You only say that because of the differing scientific opinions we see on Fox News. But those aren't really scientific opinions. Those are ideas from people with scientific degrees who are paid to take a particular political position. You won't see that kind of discussion in real engineering meetings. While there are always different ways to approach a problem, when it comes to underlying scientific facts everyone is on the same page.

I think you know that.
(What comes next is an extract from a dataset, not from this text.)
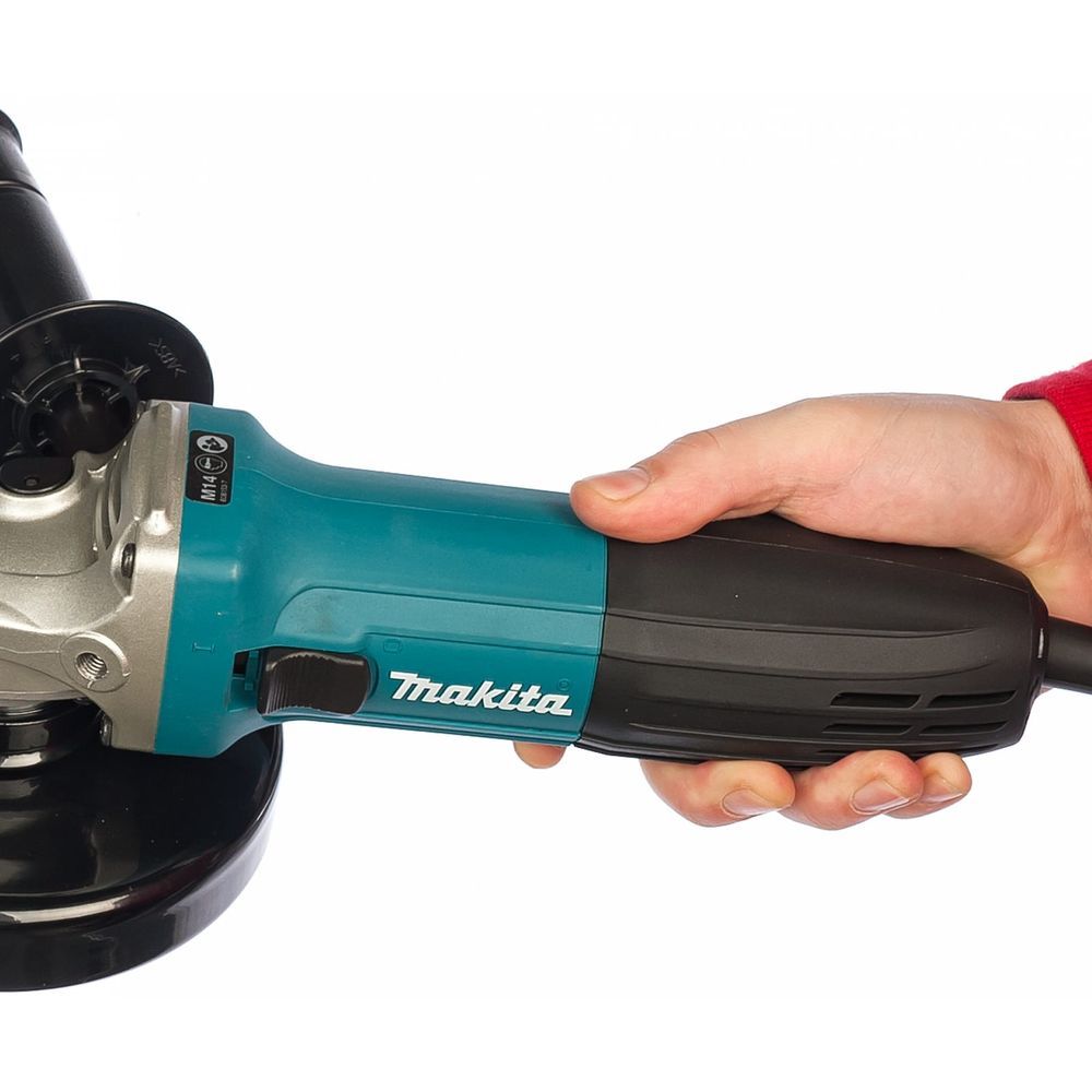 В УШМ Makita GA5030K, как и в любом изделии компании Макита, японские инженеры предусмотрели максимум удобства для пользователя. Так, включение агрегата в режим непрерывной работы не требует манипуляций с дополнительной кнопкой. Для этого используется основной выключатель - движок, который реагирует и на нажатие.

Nobody really believes that engineers can build bridges and tall buildings any way they want to.


----------



## Nevada (Sep 9, 2004)

Alice In TX/MO said:


> Nevada, you don’t get to decide what is God’s will or not.


Then why does @CKelly78z get to decide what is God's will?


----------



## coolrunnin (Aug 28, 2010)

Alice In TX/MO said:


> “If you refuse the vaccine & refuse to wear a face mask and come down with covid, that's not Gods will.”~Nevada
> 
> 
> Nevada, you don’t get to decide what is God’s will or not. What staggering arrogance you exhibit.
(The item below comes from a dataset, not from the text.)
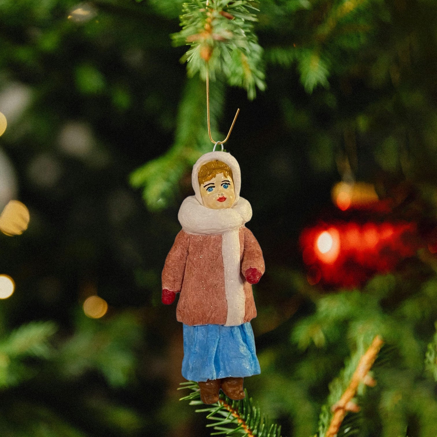 Seltene handgefertigte Figur aus gesponnener Baumwolle. Der Junge in Winterkleidung wurde kunstvoll um einen Drahtkern geformt und bemalt – ein charmantes Stück Weihnachtsgeschichte und ein begehrtes Sammlerobjekt.

Gotta agree with Nevada on this one.

And you don't get to decide either.


----------



## GTX63 (Dec 13, 2016)

Nevada said:


> You only say that because of the differing scientific opinions we see on Fox News. But those aren't really scientific opinions. Those are ideas from people with scientific degrees who are paid to take a particular political position. You won't see that kind of discussion in real engineering meetings. While there are always different ways to approach a problem, when it comes to underlying scientific facts everyone is on the same page.
> 
> I think you know that. Nobody really believes that engineers can build bridges and tall buildings any way they want to.


I think you just wrote a reply based entirely on an assumption.


----------



## Nevada (Sep 9, 2004)

GTX63 said:


> I think you just wrote a reply based entirely on an assumption.
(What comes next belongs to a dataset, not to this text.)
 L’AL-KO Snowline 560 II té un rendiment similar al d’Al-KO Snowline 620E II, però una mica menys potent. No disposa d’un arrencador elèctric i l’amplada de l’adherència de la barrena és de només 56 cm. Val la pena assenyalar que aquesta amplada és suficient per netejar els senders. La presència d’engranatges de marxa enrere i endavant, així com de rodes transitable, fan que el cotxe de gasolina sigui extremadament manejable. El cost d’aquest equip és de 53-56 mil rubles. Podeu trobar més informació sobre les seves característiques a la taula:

I did that kind of work, so I'm speaking from experience.

But seriously, you don't really believe that engineers can build things any way they want. If you believed that you would have to be crazy to enter a tall building or drive across a bridge. And that goes for nearly everything else in our lives, even our food and water supply.


----------



## Mish (Oct 15, 2015)

I bet they have accurate measurements and do actual math to come up with the structural supports they want to use, though.


----------



## GTX63 (Dec 13, 2016)

No, I think you prefaced a reply based entirely on the assumed ideology of a member rather than what they said.


----------



## GTX63 (Dec 13, 2016)

Nevada said:


> I did that kind of work, so I'm speaking from experience.


No, I think you prefaced a reply based entirely on the assumed ideology of a member rather than what they said.


----------



## Nevada (Sep 9, 2004)

Mish said:


> I bet they have accurate measurements and do actual math to come up with the structural supports they want to use, though.


My point is that there won't be scientists in the room arguing that water runs uphill.


----------



## Riverdale (Jan 20, 2008)

Nevada said:


> You consider taking a lifesaving vaccine to be an extreme measure?
> 
> Have you considered the possibility that covid vaccines were developed with God's guiding hand? If so, doesn't God want you to take it?


You forgot to add "experimental' to your vaccine comment.


----------



## Mish (Oct 15, 2015)

Nevada said:


> My point is that there won't be scientists in the room arguing that water runs uphill.


I'm not seeing anyone implying the equivalent of that in the metaphor.


----------



## GTX63 (Dec 13, 2016)

Nevada said:


> My point is that there won't be scientists in the room arguing that water runs uphill.


I'm getting the impression you are turning more candidates for a jab away than you are collecting for master.


----------



## po boy (Jul 12, 2010)

Nevada said:


> You only say that because of the differing scientific opinions we see on Fox News. But those aren't really scientific opinions. Those are ideas from people with scientific degrees who are paid to take a particular political position. You won't see that kind of discussion in real engineering meetings. While there are always different ways to approach a problem, when it comes to underlying scientific facts everyone is on the same page.
> 
> I think you know that. Nobody really believes that engineers can build bridges and tall buildings any way they want to.


Wrong!

My antenna doesn't pick up FOX. Do people like you get a lollipop when u mention Fox?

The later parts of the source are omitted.